The performance of Obasanjo should better not be mentioned. In fact Obasanjo and performance are standing at the two most distant poles in the universe. Take for instance the only dual carriageway in North, the Abuja-Kaduna-Kano highway. While Babangida built it in almost a twinkle of an eye, Obasanjo could not repair it even in six years. When his government made up its mind to undertake the repairs, as it did for many other roads, it threw away due process and gave the contracts to contractors, majority of whom have only three tools: digger, shovels and wheel barrow, having absolutely no experience in road construction. The roads, by so doing, are further dilapidated and wobbled. Where is Obasanjo’s equivalent of DFFRI or PTF, if I may ask, which though not without their pitfalls, nevertheless left behind motorable roads and facilities that Nigerians continue to enjoy nationwide?
And how many hundreds of billions has the government been sinking into NEPA without any success in sight? Is it not a shame that in spite of this, the output has dwindled to levels never experienced in the history of this government? Obasanjo’s incompetence syndrome is simply endless.

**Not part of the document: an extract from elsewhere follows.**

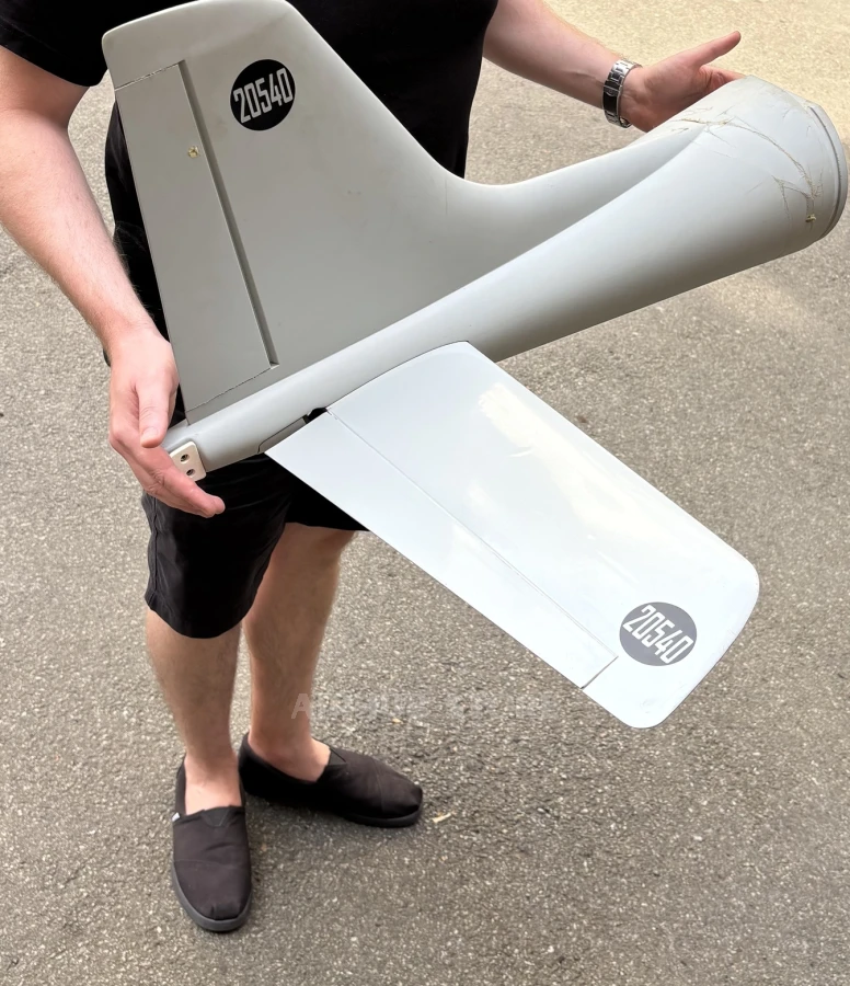 This fragment belongs to a Russian Orlan-10 unmanned aerial vehicle that was shot down by Ukrainian defense forces. The Orlan-10 is an advanced reconnaissance drone that was used by the enemy to target artillery and conduct surveillance. The presented fragment is an authentic part of this drone, saved after it was destroyed in the combat zone.

Moreover, who among our past leaders was ever caught bribing the National Assembly, or forging electoral law, or appointing one of the biggest thieves in the country as Inspector General of Police? In whose government have we heard of bunkering ships disappearing? Who among them entered a nolle proseque to free his uncle standing trial for theft of over N400 million? Whose son was put under surveillance by American authorities? Who arranged and supervised the most corrupt election in our history, in desperation to remain in power for additional four years? Who among them declared to the world that he is making N30million profit out of an agricultural outfit that was in shamble when he assumed power? And who asked him to make the declaration public? And what else is he making from other outfits? Or was the declaration made in preparation for the present campaign against corruption, now that the regime is coming to an end? Well, it is not time yet for revelations. We are not in a hurry.
In line with what many writers have advised before, that Obasanjo has never kept a promise, I strongly doubt his commitment to carry his anti-corruption campaign beyond vendetta and political expedience. I am increasingly coming to believe that what we have seen recently is a light shower, as al-Hariri would say in the epilogue to his Assemblies, which precedes a heavy downpour. The downpour will be Atiku and, likely, Babangida, with more certainty placed on the former. The two must prepare for an eminent consumption by the monster they created: Babangida sold him to the Nigerian ruling elite in 1999, while Atiku and Anenih masterminded the rigging of April 2003 elections. If they are rewarded by emasculation, it will be to the delight of Nigerians who were deprived the voice of their votes.
In conclusion, I pray that this period become the peak of our corruption after which a sharp decline will be witnessed. That though the storm has been heavy in the last six years, we will be most grateful if God stops it instantly in 2007. May there be no government in future that will compete with the present one in being our worst government.